The identification of higher-order motifs, other than the top (global) motif corresponding to the matrix profile minimum, is more challenging due to the dependence on the constraints that must be set in terms of the maximum distance for which sub-sequences are taken as matching. As illustrated in the preceding section, varying the radius parameter yields both matching and dissimilar patterns. Therefore, we have adopted a more flexible criterion than the radius parameter *R* in order to ensure appropriately constrained results and interpretable motifs. While the matrix profile calculation is only dependent on the sub-sequence length and the top motif is objectively obtained from the global minimum value of the matrix profile, subsequent motifs or neighbours depend on the adopted distance constraints. To circumvent this limitation, this study focuses on the extraction of the top motif from the palaeoclimate records. In general, the extraction of motifs has to take into account the purpose of the analysis and is very much problem-dependent in terms of what the patterns of interest are in a time series (which may differ, even for the same time series, depending on the goal of the analysis). In the case of very large datasets for which information on the patterns of interest is not available, the statistical significance of motifs can be assessed to evaluate which additional motifs are significant, other than the top motif (Castro and Azevedo, 2011).

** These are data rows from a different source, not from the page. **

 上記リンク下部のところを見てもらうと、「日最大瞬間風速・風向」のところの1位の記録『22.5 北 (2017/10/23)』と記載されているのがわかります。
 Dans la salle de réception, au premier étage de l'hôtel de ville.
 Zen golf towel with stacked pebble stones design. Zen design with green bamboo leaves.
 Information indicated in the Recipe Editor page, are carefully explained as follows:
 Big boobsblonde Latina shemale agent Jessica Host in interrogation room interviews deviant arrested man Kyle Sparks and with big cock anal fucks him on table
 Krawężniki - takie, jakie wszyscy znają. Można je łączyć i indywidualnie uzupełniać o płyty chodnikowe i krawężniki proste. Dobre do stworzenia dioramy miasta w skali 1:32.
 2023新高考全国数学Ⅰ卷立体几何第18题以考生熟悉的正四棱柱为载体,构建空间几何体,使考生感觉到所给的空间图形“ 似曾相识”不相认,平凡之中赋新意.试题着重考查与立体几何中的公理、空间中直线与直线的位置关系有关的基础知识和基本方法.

The comparison of sub-sequence similarity is performed here based on the Euclidean distance metric. An alternative would be to consider instead dynamic time warping (DTW) as a more robust distance measure for time series (Keogh and Ratanamahatana, 2005). However, empirical comparisons showed that the Euclidean distance is competitive with or superior to more complex measures (Ding et al., 2008). Therefore, the Euclidean distance between *z*-normalised sub-sequences is employed as the similarity measure in this study.

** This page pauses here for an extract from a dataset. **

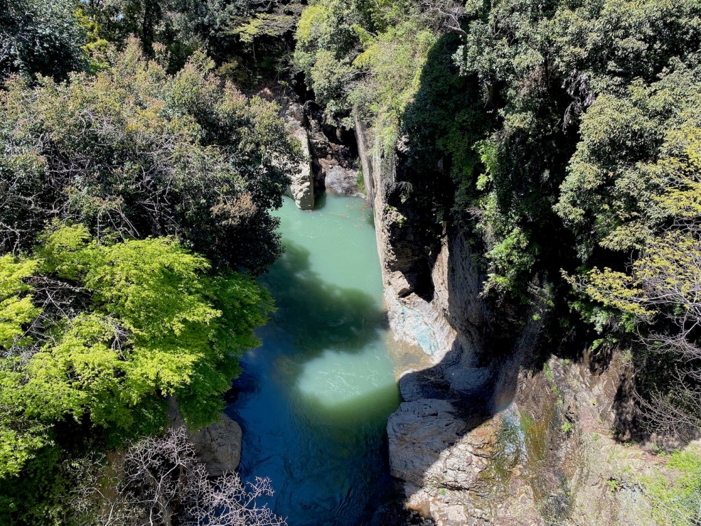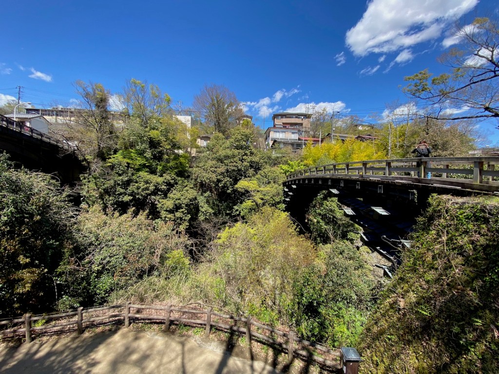 誰もいないがここは何時も通りだ、ほっとする。クセになる天ぷら蕎麦を食べて、橋を渡る、ここに来たら日本三大奇矯の猿橋を渡らないという事はない、珍しい橋だが人気がなくサイクリストが居るくらいだ。下を見ると渓谷が見える。なぜこんな所に橋を作ったのかは謎だが、どうやら戦国時代の戦略的な橋だったようだ。

Here we only discuss the influence on matrix profile results of methodological options in terms of parameters and metric selection. A further extension would be to assess how differences in the time series data would impact the matrix profile results, e.g. by applying surrogate time series methods such as the approach of Nakamura and Small (2005). Extending the methodology to account for uncertainty in dating and proxy values would be a further methodological extension particularly relevant for palaeoclimate time series.

## 5.2 Extraction of the dominant motif across the two time series

The most analogous pattern (top motif) across two time series does not need to occur at the same time in the two series. This fact is illustrated by considering the same *δ*^{18}O and Ca^{2+} proxy records but artificially changing the Ca^{2+} time series in two distinct ways. The first case introduces an artificial shift in time of 500 data points (10 ka) by adding to the beginning of the record 500 points with the same value as the mean of the Ca^{2+} time series. The second case removes the first 500 data points of the Ca^{2+} series, thus obtaining a shorter record of a different length than the *δ*^{18}O series. The time series are displayed in Fig. 13, and the join matrix profile between the *δ*^{18}O series and these versions of the Ca^{2+} series is presented in Fig. 14. The outcomes are largely analogous, with only minor discrepancies in the join matrix profile for the different versions of the Ca^{2+} time series. In the case of the shifted version of the Ca^{2+} series (Fig. 14b), the difference between this version and the original is observed in the highest values of the join matrix profile, which are flatter. The matrix profile peaks correspond to parts of the series with no discernible temporal structure, typically a featureless noise level. In such cases the most similar sub-sequences are the stable level values (equal to the mean of the time series) that were introduced at the beginning of the record. In the case of the trimmed version of the Ca^{2+} series (Fig. 14c), it should be noted that the join matrix profile has the same length, despite the reduced length of the Ca^{2+} series. This is because the join matrix profile contains the distance of every sub-sequence in the *δ*^{18}O series to the trimmed Ca^{2+} series (of a smaller size). Consequently, the number of sub-sequences (in the *δ*^{18}O series) remains constant, yet the distances are calculated between each of these sub-sequences and a smaller number of sub-sequences in the Ca^{2+} series. The principal distinction between the join matrix profile values in this particular case is observed at the beginning of the record, as the initial sub-sequences of the *δ*^{18}O series are most similar to the initial sub-sequences in the Ca^{2+} series, which no longer exist, having been matched to other sub-sequences in the Ca^{2+} time series.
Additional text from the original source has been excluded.